INFORMATION GIVEN:
——

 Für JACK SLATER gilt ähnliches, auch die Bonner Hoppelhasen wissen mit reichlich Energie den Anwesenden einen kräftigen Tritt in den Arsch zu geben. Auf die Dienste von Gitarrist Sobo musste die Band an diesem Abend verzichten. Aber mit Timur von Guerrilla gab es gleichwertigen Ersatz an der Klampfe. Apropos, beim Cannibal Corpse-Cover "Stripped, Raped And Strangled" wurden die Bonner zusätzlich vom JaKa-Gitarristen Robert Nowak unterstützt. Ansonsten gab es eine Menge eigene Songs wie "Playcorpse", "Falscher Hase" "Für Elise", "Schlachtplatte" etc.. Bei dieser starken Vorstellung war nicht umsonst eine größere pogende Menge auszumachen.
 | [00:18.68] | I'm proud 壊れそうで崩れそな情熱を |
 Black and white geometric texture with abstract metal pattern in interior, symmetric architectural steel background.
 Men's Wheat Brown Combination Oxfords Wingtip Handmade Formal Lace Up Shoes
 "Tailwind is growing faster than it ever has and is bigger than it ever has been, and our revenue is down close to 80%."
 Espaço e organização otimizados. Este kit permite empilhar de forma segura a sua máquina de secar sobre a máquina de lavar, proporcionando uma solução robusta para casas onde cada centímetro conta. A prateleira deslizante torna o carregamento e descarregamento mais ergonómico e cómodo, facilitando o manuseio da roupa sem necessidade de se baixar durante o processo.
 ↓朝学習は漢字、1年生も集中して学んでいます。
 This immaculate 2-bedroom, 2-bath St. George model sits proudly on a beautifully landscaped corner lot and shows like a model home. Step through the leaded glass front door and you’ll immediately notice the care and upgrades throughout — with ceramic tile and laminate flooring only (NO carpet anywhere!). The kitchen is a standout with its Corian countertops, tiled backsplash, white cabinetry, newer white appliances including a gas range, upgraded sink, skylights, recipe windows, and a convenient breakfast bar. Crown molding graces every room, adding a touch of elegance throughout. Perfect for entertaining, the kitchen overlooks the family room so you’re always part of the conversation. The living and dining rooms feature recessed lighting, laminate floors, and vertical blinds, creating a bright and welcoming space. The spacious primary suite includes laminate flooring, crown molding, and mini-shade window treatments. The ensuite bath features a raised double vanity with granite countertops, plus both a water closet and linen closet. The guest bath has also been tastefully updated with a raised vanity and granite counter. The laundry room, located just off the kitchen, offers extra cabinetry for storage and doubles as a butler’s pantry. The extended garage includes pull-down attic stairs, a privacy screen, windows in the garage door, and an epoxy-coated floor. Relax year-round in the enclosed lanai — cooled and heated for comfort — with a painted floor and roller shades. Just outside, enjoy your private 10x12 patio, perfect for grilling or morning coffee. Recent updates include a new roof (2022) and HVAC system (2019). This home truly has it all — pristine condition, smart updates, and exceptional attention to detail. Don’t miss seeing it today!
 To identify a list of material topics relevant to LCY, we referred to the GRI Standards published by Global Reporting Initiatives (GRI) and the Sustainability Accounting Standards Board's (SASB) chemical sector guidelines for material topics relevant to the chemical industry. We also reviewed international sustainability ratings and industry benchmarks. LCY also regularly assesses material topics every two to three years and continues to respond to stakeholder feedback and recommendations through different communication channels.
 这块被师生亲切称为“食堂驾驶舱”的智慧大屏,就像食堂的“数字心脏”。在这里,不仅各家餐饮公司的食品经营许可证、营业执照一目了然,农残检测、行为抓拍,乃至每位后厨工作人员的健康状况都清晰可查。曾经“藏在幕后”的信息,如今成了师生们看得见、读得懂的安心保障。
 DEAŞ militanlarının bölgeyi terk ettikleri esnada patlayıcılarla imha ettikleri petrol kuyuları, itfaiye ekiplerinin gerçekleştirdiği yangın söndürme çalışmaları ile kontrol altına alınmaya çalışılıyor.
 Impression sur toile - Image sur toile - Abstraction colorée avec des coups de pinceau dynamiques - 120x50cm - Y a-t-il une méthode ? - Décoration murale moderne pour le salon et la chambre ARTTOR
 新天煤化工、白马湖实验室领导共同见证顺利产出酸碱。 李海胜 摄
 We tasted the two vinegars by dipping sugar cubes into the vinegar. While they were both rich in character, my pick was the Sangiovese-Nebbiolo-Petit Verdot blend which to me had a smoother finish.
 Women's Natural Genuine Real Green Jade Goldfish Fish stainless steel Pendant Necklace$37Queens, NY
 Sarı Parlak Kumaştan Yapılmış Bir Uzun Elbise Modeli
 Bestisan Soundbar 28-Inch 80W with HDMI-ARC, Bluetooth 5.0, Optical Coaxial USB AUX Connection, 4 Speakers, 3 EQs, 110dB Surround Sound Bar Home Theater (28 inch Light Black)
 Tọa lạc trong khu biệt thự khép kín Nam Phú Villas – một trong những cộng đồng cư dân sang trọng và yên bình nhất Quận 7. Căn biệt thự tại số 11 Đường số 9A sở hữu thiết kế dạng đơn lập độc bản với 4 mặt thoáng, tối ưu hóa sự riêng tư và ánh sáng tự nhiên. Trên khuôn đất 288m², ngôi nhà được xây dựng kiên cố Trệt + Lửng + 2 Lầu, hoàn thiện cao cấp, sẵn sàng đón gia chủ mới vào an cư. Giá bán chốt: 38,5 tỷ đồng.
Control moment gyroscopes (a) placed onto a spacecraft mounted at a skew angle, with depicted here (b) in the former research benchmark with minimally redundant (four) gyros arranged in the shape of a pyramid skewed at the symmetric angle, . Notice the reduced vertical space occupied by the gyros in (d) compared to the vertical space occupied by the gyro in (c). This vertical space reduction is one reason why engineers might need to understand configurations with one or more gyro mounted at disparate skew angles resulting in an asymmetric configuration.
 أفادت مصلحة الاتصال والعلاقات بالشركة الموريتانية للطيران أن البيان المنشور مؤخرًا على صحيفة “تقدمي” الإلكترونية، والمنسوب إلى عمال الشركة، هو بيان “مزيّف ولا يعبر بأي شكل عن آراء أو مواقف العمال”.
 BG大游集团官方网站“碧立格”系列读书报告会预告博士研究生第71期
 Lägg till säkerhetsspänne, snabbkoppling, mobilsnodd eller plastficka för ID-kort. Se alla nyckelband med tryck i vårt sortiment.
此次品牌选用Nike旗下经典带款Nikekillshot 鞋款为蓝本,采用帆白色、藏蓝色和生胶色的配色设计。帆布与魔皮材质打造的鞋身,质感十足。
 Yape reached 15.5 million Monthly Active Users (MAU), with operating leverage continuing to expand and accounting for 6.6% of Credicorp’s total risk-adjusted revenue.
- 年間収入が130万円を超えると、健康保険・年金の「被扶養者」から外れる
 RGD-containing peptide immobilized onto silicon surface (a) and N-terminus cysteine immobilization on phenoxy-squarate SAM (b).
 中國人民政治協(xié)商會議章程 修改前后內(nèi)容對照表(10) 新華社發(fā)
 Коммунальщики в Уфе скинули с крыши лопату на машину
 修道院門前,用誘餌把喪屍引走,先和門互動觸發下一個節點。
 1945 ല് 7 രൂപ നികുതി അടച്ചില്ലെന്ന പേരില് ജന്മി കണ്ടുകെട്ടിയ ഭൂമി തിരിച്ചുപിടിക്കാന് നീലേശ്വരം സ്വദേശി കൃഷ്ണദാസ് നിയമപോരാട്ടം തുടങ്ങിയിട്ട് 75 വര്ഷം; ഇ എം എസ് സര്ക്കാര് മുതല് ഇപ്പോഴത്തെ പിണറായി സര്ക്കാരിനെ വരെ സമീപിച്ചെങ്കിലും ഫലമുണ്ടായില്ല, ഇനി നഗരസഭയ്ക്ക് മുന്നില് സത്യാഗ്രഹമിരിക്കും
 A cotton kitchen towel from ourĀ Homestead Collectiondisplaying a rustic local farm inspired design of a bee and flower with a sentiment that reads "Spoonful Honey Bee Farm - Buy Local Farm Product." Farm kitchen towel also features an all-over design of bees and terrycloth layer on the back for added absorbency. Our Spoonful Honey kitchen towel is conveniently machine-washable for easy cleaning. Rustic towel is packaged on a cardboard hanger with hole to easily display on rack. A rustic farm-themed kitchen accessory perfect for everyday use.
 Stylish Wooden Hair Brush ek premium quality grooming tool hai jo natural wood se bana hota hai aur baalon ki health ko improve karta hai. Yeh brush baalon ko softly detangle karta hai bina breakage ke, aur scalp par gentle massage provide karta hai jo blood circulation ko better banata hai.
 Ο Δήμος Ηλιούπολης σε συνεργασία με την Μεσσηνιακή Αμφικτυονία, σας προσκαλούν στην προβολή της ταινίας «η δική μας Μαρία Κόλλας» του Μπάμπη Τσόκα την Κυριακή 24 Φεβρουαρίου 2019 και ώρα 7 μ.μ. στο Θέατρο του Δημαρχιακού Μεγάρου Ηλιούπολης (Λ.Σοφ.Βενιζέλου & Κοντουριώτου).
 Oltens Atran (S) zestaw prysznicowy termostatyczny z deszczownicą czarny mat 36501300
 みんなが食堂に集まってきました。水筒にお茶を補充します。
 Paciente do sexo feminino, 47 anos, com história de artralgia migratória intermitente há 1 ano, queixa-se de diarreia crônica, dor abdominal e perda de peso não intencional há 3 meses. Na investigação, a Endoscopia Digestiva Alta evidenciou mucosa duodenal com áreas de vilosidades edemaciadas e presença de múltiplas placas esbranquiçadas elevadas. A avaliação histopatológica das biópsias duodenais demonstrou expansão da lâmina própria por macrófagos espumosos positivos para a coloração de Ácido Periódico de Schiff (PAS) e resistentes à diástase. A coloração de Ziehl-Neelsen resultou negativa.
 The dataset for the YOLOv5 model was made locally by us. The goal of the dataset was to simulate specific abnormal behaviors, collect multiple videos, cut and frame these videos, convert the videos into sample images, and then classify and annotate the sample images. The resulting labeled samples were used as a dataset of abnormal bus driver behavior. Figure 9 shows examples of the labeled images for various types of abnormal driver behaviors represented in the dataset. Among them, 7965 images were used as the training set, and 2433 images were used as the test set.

——

EXERCISE GOAL:
Each line in the data that holds the word "white" must be copied.

RESPONSE TO THE EXERCISE:
 Black and white geometric texture with abstract metal pattern in interior, symmetric architectural steel background.
 This immaculate 2-bedroom, 2-bath St. George model sits proudly on a beautifully landscaped corner lot and shows like a model home. Step through the leaded glass front door and you’ll immediately notice the care and upgrades throughout — with ceramic tile and laminate flooring only (NO carpet anywhere!). The kitchen is a standout with its Corian countertops, tiled backsplash, white cabinetry, newer white appliances including a gas range, upgraded sink, skylights, recipe windows, and a convenient breakfast bar. Crown molding graces every room, adding a touch of elegance throughout. Perfect for entertaining, the kitchen overlooks the family room so you’re always part of the conversation. The living and dining rooms feature recessed lighting, laminate floors, and vertical blinds, creating a bright and welcoming space. The spacious primary suite includes laminate flooring, crown molding, and mini-shade window treatments. The ensuite bath features a raised double vanity with granite countertops, plus both a water closet and linen closet. The guest bath has also been tastefully updated with a raised vanity and granite counter. The laundry room, located just off the kitchen, offers extra cabinetry for storage and doubles as a butler’s pantry. The extended garage includes pull-down attic stairs, a privacy screen, windows in the garage door, and an epoxy-coated floor. Relax year-round in the enclosed lanai — cooled and heated for comfort — with a painted floor and roller shades. Just outside, enjoy your private 10x12 patio, perfect for grilling or morning coffee. Recent updates include a new roof (2022) and HVAC system (2019). This home truly has it all — pristine condition, smart updates, and exceptional attention to detail. Don’t miss seeing it today!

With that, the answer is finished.